The Cameron Kravitt Foundation is a 501(c)(3) non-for-profit foundation that provides grants to leading medical schools to help them teach young pediatricians how to respond to the death of a child, both to help the grieving parents and to handle their own grief.

Our Vision:

Doctors are prepared to console families coping with the loss of their child.

Cameron’s Story and His Foundation:

Imagine an expectant mother and father-to-be going to the hospital and losing their child.

Many years ago, Beverly and Jason Kravitt lost a child, Cameron, when Beverly went to the hospital to give birth.  It was a terrible time, as anyone can understand.  It was particularly difficult because the medical community then was extremely poorly equipped to deal with the situation and meet the needs of parents who went from eager anticipation of all life holds into an emotional abyss.

Out of that experience, Jason and Beverly decided to establish a foundation named after their dead son, the Cameron Kravitt Foundation, a charity dedicated to providing doctors and other health professionals the knowledge and training to meet the emotional needs of those whose physical needs they otherwise attend to with such high devotion.

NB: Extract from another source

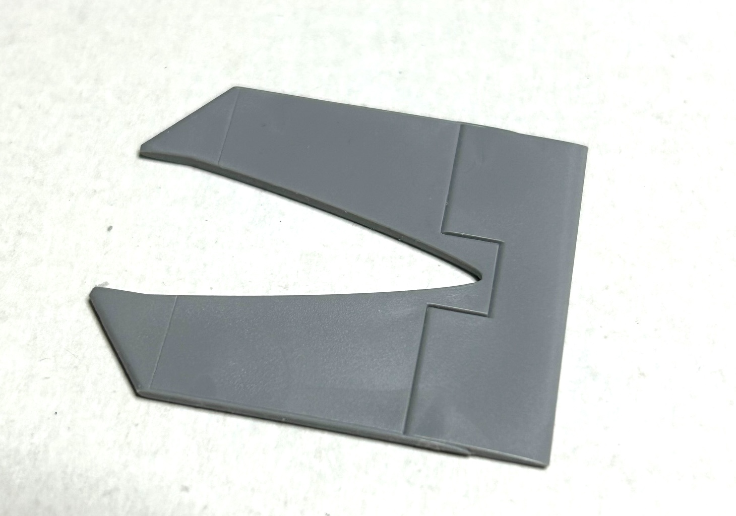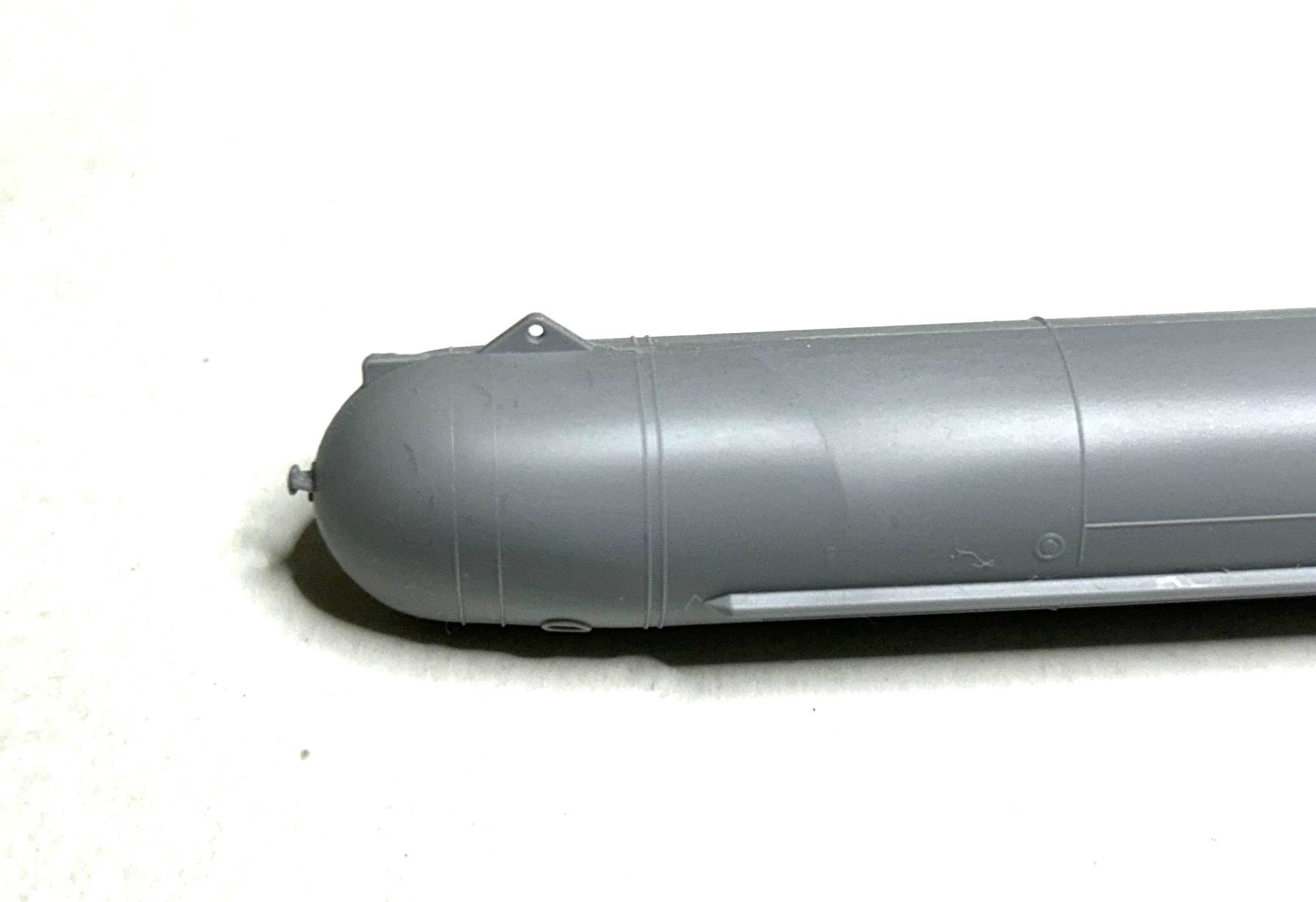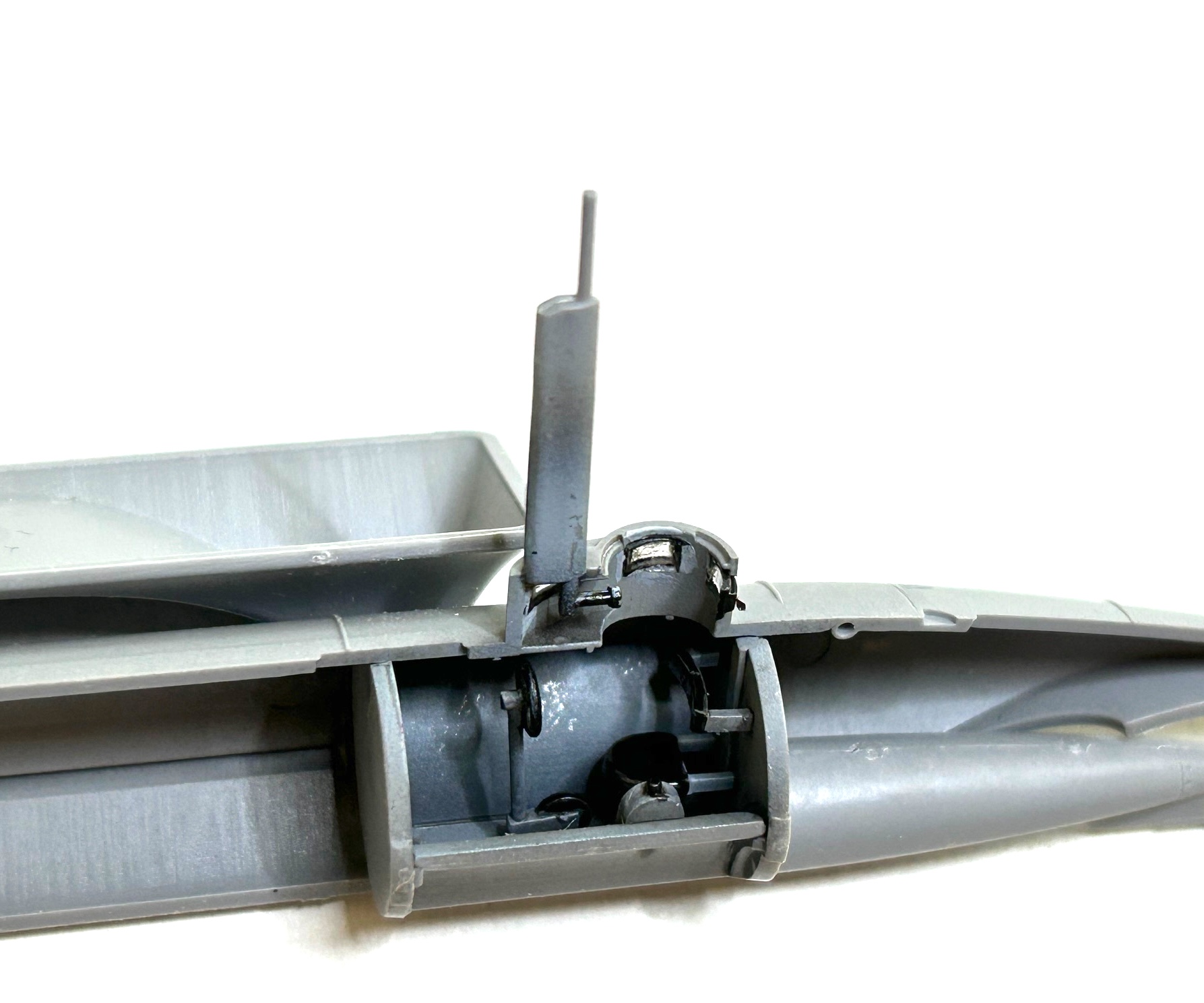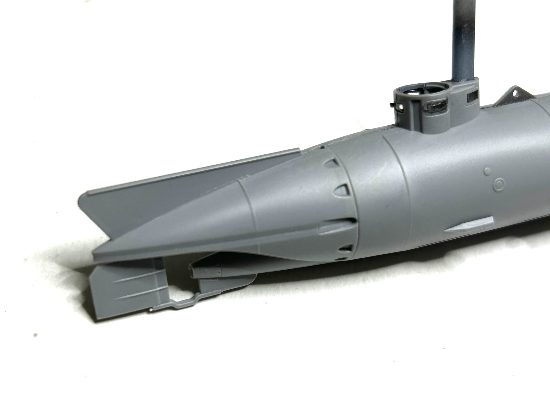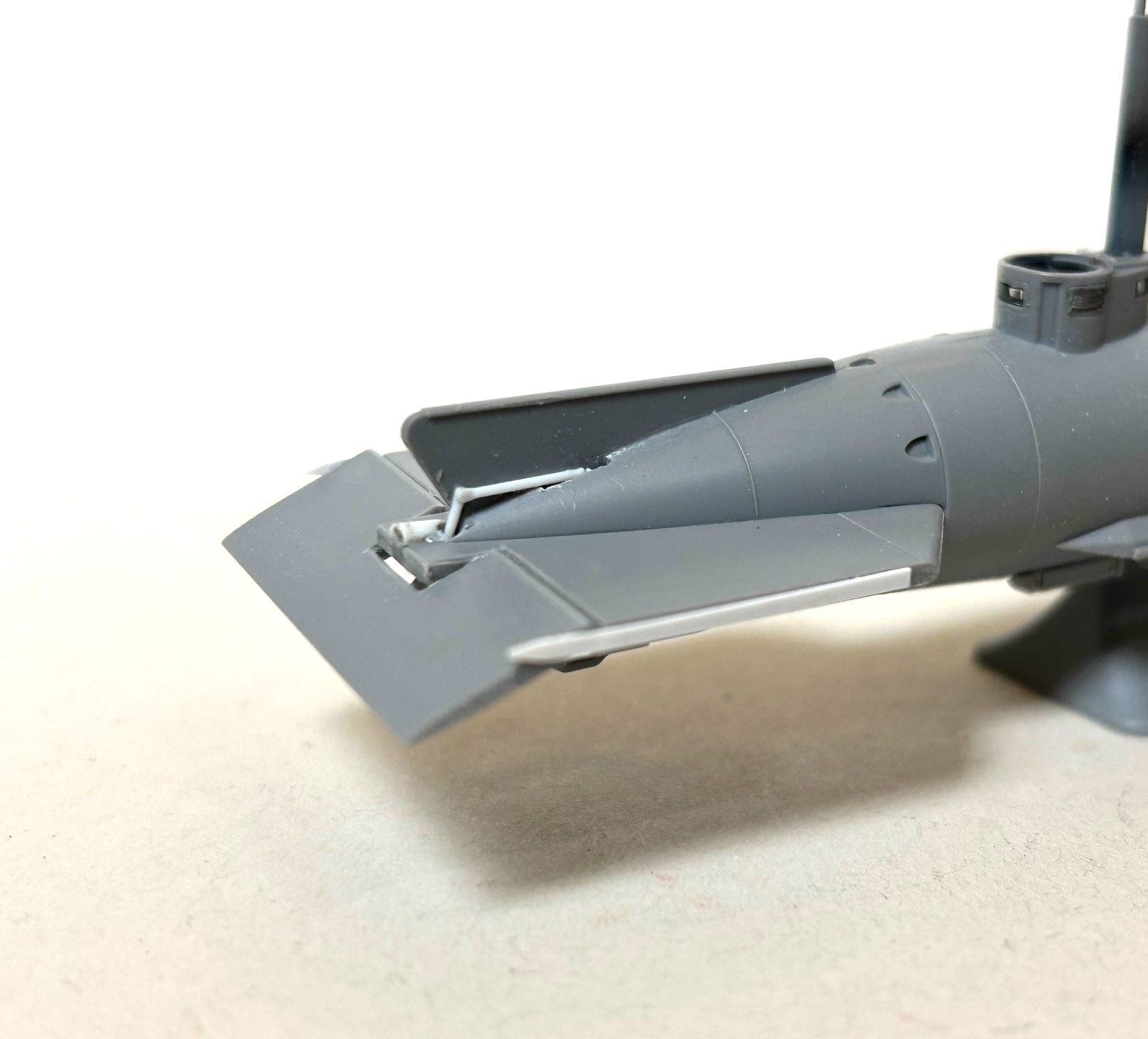 Mit einem scharfen Bastelmesser habe ich dazu die Fugen solange bearbeitet, bis das Heckruder entfernt werden konnte. Nach vorsichtigem Glätten der Schnittstellen wurden im Innenbereich zwei dünne Plastikscheiben eingesetzt um das Quergestänge zu simulieren und an den beiden Aussenkanten dünne Plastikstreifen angebracht. Schließlich habe ich seitlich an der Finne noch zwei Öffnungen für das Rudergestänge erzeugt und mit dünnem Rundmaterial das fehlende Rudergestänge ergänzt. Auf Originalfotos ist noch ein kleiner Zylinder am Heck erkennbar, der ebenfalls aus Rundmaterial ergänzt werden konnte.

The Cameron Kravitt Foundation has been in existence for over 25 years, funding a program for twenty years at John Hopkins University Hospital in Baltimore that trains doctors to themselves deal with the death of a child and support the parents of such children in their hour of great need.  Ten years ago, the Foundation began to support a nearly identical program at Weill Cornell Hospital in New York City.

The Foundation is now planning to expand its programs to other highly rated teaching hospitals in other parts of the country and beyond.